To understand the importance of the definition, it is important to get out of the Fourier mind-set. In Fourier analysis there is no question of uniqueness, since the coefficients c(n) are derived by integrating the function. Hence, in Fourier analysis the order of actions is
- Start with a function f.
- Calculate the Fourier coefficients using
$c(n)=\int_0^{2\pi}f(t)e^{-int}\,dt$
- Ask: does the sum converge to f? In which sense?
In the theory of uniqueness, the order is different:
- Start with some coefficients c(n) for which the sum converges in some sense
- Ask: does this mean that they are the Fourier coefficients of the function?
In effect, it is usually sufficiently interesting (as in the definition above) to assume that the sum converges to zero and ask if that means that all the c(n) must be zero. As is usual in analysis, the most interesting questions arise when one discusses pointwise convergence. Hence the definition above, which arose when it became clear that neither convergence everywhere nor convergence almost everywhere give a satisfactory answer.

== Early research ==
The empty set is a set of uniqueness. This simply means that if a trigonometric series converges to zero everywhere then it is trivial. This was proved by Riemann, using a delicate technique of double formal integration; and showing that the resulting sum has some generalized kind of second derivative using Toeplitz operators. Later on, Georg Cantor generalized Riemann's techniques to show that any countable, closed set is a set of uniqueness, a discovery which led him to the development of set theory. Paul Cohen, another innovator in set theory, started his career with a thesis on sets of uniqueness.

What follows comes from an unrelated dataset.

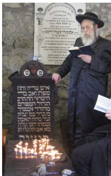
כ"ק רבינו שליט"א מעתיר על ציונו הקדוש

ימים, וכפי שאמר לו מורו ורבו החוזה מלובלין אחר שהבטיחו לבן זכר שלא יזכה להיות עמו בעולם הזה שנים הרבה, ופי שכותב בנו היחיד הברכה' בימגילת סתרים, וכשהיה אבי הצדיק, אצל מורינו ורבינו הקדוש האלוקי ישראל מלובלין, ויפצר בו, שיקבש עליו רחמים שיהיה לו בן זכר, והשיב לו: שבהכרח אם אגזור שיהיה לך בן זכר כן יהיה, אבל לא תאריך ימים, כי לא יהיה לכם ישיבה אחת בעולם, וקיבל אבי על עצמו ומסר לו ייחוד שם אחד נורא ושמות קדושים לכיון בעת היחוד שיוריד את נשמותי, בשנתו האחרונה נדד אל עבר ארץ אונגארין, ולפני זה הרגיש ששם יבוא קיצו ויחזיר נשמתו ליוצרה, וז"ל בנו בהקדמת 'זכרון דברים': וביום נסעו מאצלי למדינות אונגרין, קטן הייתי, ואני והוא ידענו שישתלק שם לעולמו, ובכיתי שבעה ימים ושבעה לילות כמעייין, ורגע שנפרד ממני לדרכו היה לי טעם כפרידות נשמה מן הגוף, וקודם שנסע צוה קודם נסיעתו לדרכו, היאך שאתנהג כל ימי בתורה נגלה ונסתר. בהקדמת 'זוהר ח' מבנו בעל הידמשק אליעזר' מפרט בהרחבה הצוואה שצוה לו, כשיהיה בן שלוש שנה ילבש ביום השבת קודש בגדים לבנים, וכשיבוא לרוב שנותיו לשנת שלוש וחמש, יניח בתפילת שחרית שני זוגי תפילין רש"י ור"ת ביחד.

As the theory of Lebesgue integration developed, it was assumed that any set of zero measure would be a set of uniqueness — in one dimension the locality principle for Fourier series shows that any set of positive measure is a set of multiplicity (in higher dimensions this is still an open question). This was disproved by Dimitrii E. Menshov who in 1916 constructed an example of a set of multiplicity which has measure zero.

== Transformations ==
A translation and dilation of a set of uniqueness is a set of uniqueness. A union of a countable family of closed sets of uniqueness is a set of uniqueness. There exists an example of two sets of uniqueness whose union is not a set of uniqueness, but the sets in this example are not Borel. It is an open problem whether the union of any two Borel sets of uniqueness is a set of uniqueness.

== Singular distributions ==
A closed set is a set of uniqueness if and only if there exists a distribution S supported on the set (so in particular it must be singular) such that

$\lim_{n\to \infty}\widehat{S}(n)=0$

($\hat S(n)$ here are the Fourier coefficients). In all early examples of sets of uniqueness, the distribution in question was in fact a measure. In 1954, though, Ilya Piatetski-Shapiro constructed an example of a set of uniqueness which does not support any measure with Fourier coefficients tending to zero. In other words, the generalization of distribution is necessary.

== Complexity of structure ==
The first evidence that sets of uniqueness have complex structure came from the study of Cantor-like sets. Raphaël Salem and Zygmund showed that a Cantor-like set with dissection ratio ξ is a set of uniqueness if and only if 1/ξ is a Pisot number, that is an algebraic integer with the property that all its conjugates (if any) are smaller than 1. This was the first demonstration that the property of being a set of uniqueness has to do with arithmetic properties and not just some concept of size (Nina Bari had proved the case of ξ rational -- the Cantor-like set is a set of uniqueness if and only if 1/ξ is an integer -- a few years earlier).

Since the 50s, much work has gone into formalizing this complexity. The family of sets of uniqueness, considered as a set inside the space of compact sets (see Hausdorff distance), was located inside the analytical hierarchy. A crucial part in this research is played by the index of the set, which is an ordinal between 1 and ω_{1}, first defined by Pyatetskii-Shapiro. Nowadays the research of sets of uniqueness is just as much a branch of descriptive set theory as it is of harmonic analysis.